Is this a Dr. Satan mask, from "House of 1000 Corpes" without the oxygen thingy? I keep looking at it and I can't decide. I really like it. What's everyone think?










http://www.halloweenforum.com/attachment.php?attachmentid=4073


----------



## joker (Sep 25, 2007)

PeeWeePinson said:


> Is this a Dr. Satan mask, from "House of 1000 Corpes" without the oxygen thingy? I keep looking at it and I can't decide. I really like it. What's everyone think?

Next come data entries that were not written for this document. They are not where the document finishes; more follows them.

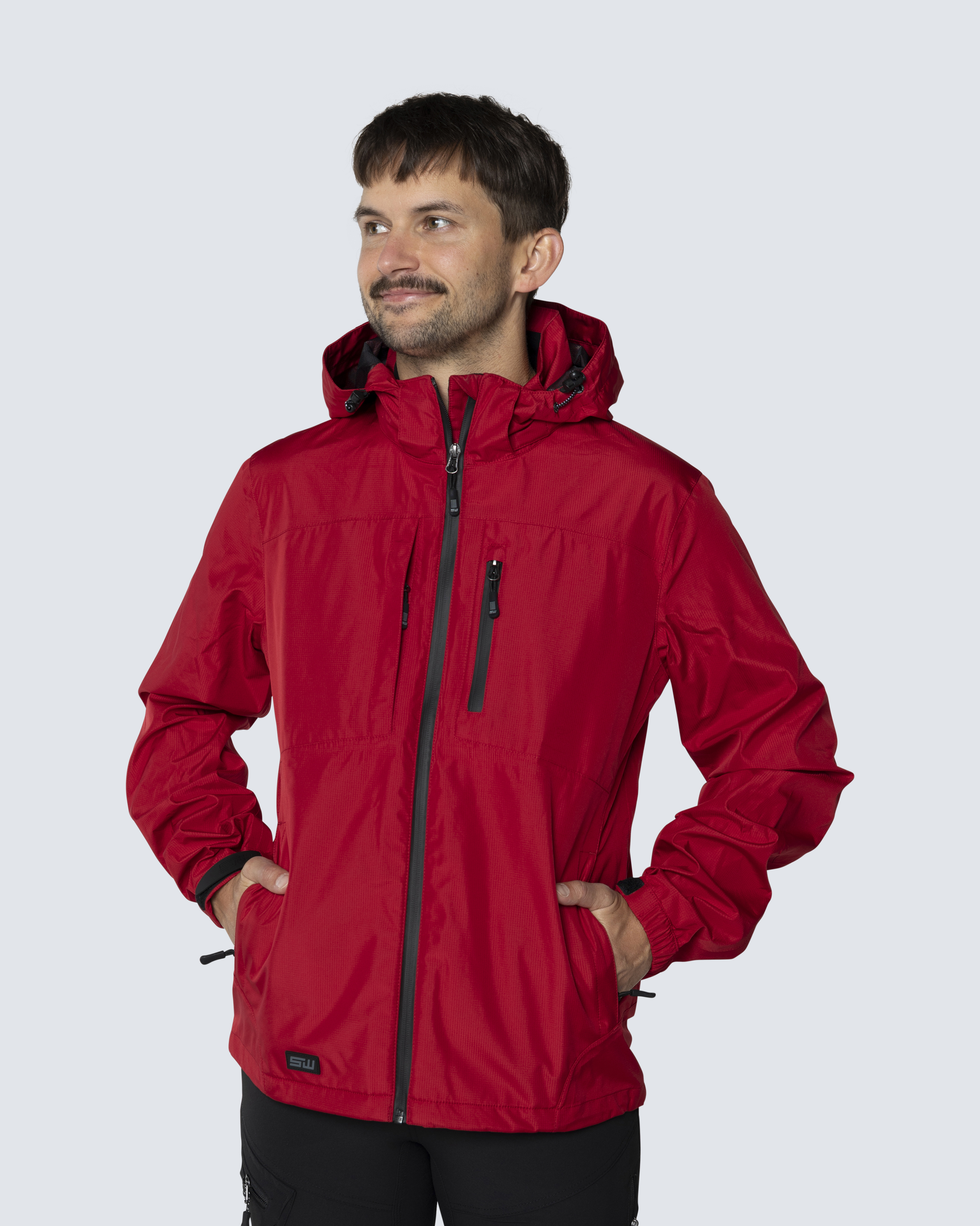 Kätevä, monikäyttöinen, tuulen- ja vedenpitävä kuoritakki. Valmistettu polyesteri-ripstop-materiaalista, joka tekee kankaasta vahvan ja kestävämmän. Säädettävä ja irrotettava huppu. Kumimerkki helmassa. Kuminauhat hihojen säätöä varten.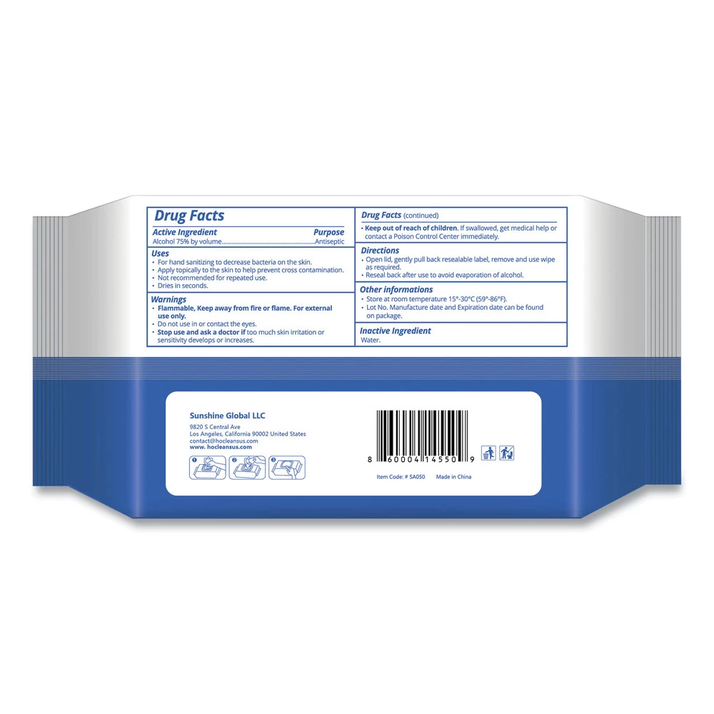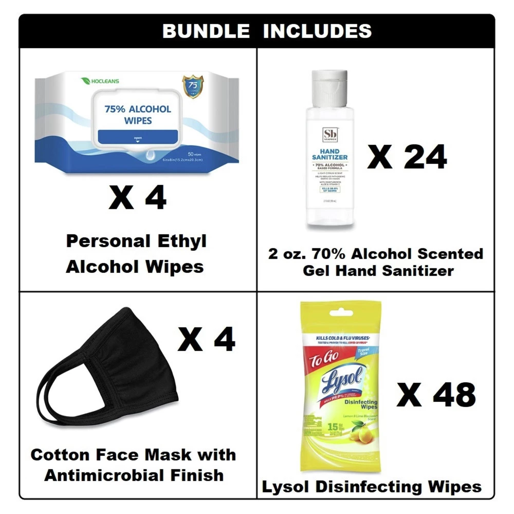 - Pre-moistened hand sanitizing ethyl alcohol wipes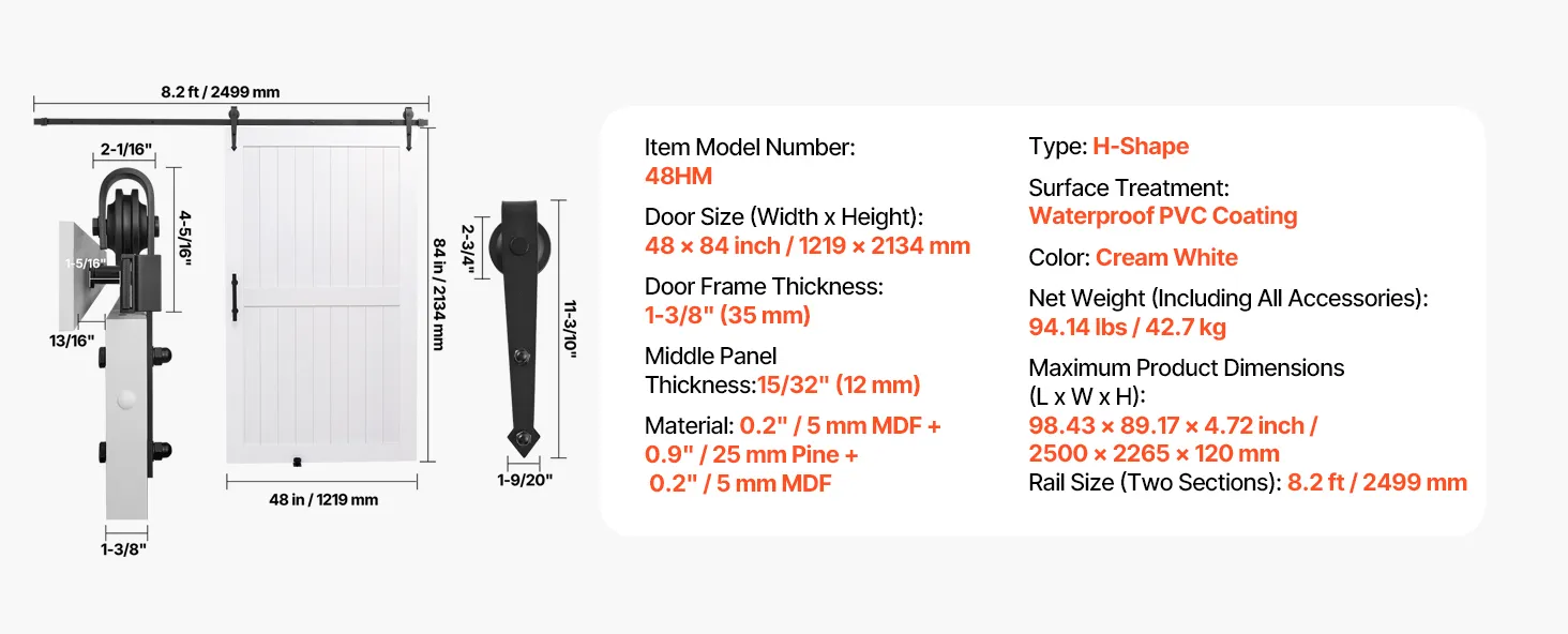 | Veľkosť dverí (šírka x výška) | 48 x 84 palcov / 1219 x 2134 mm |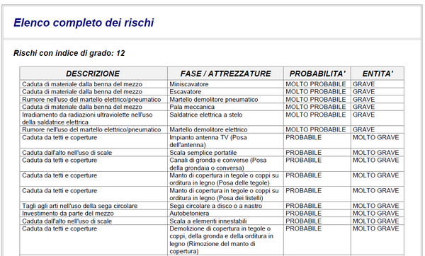 I rischi sono elencati con indice di grado in ordine decrescente e per ognuno è presente una breve descrizione, la fase/attrezzature che lo provocano, la probabilità e l'entità del danno.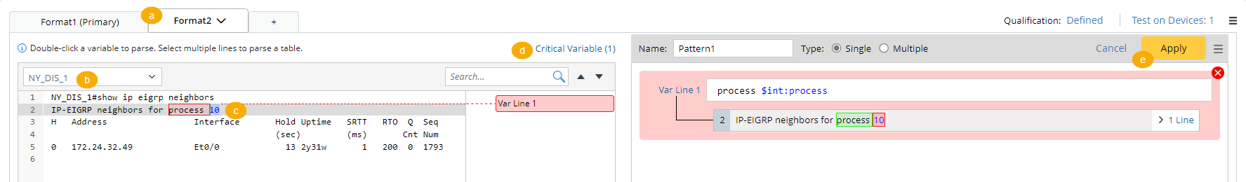 Example: Use CLI Command (show ip eigrp neighbors) to retrieve data on a Cisco Router, SanJose_Core. Parse value from for AS(10) , and define the variable($as_num) as a Critical Variable, which means this variable must have value.

It doesn't look like, but without a pic or link it doesn't look like anything


----------



## Devils Chariot (May 23, 2007)

Yeah, what am looking at?


----------



## Mr_Chicken (Nov 26, 2008)

Looks to me like an Invisible Man mask....


----------



## Revenant (Mar 17, 2007)

I saw it... that doesn't appear to be Dr. Satan but with a bit of modding I think you'd get it to look like him; it's a similar enough face


----------



## PeeWeePinson (Feb 23, 2006)

Sorry Everybody! Had to go back and edit as I accidently left the picture off, as most sarcastically reminded me...In all honesty I like the mask I found better than the Dr. Satan mask, I have looked the internet over and can't find where I found this pic, so if anyone has an idea where and what it is I would appreciate knowing. That mouth gives me the creeps...


----------



## mechagrover (Oct 2, 2008)

It's definitely the retail Dr Satan mask with the O2 mask removed. You can count the forehead wrinkles

http://www.halloweenexpress.com/sources/com/halloweenexpress/images/products/ta299.jpg


----------



## Johnny Thunder (Feb 24, 2006)

As I suggested elsewhere, I think it's a good start and you will be able to customize it to the character.

Good luck and definitely post pics if you work on it!


----------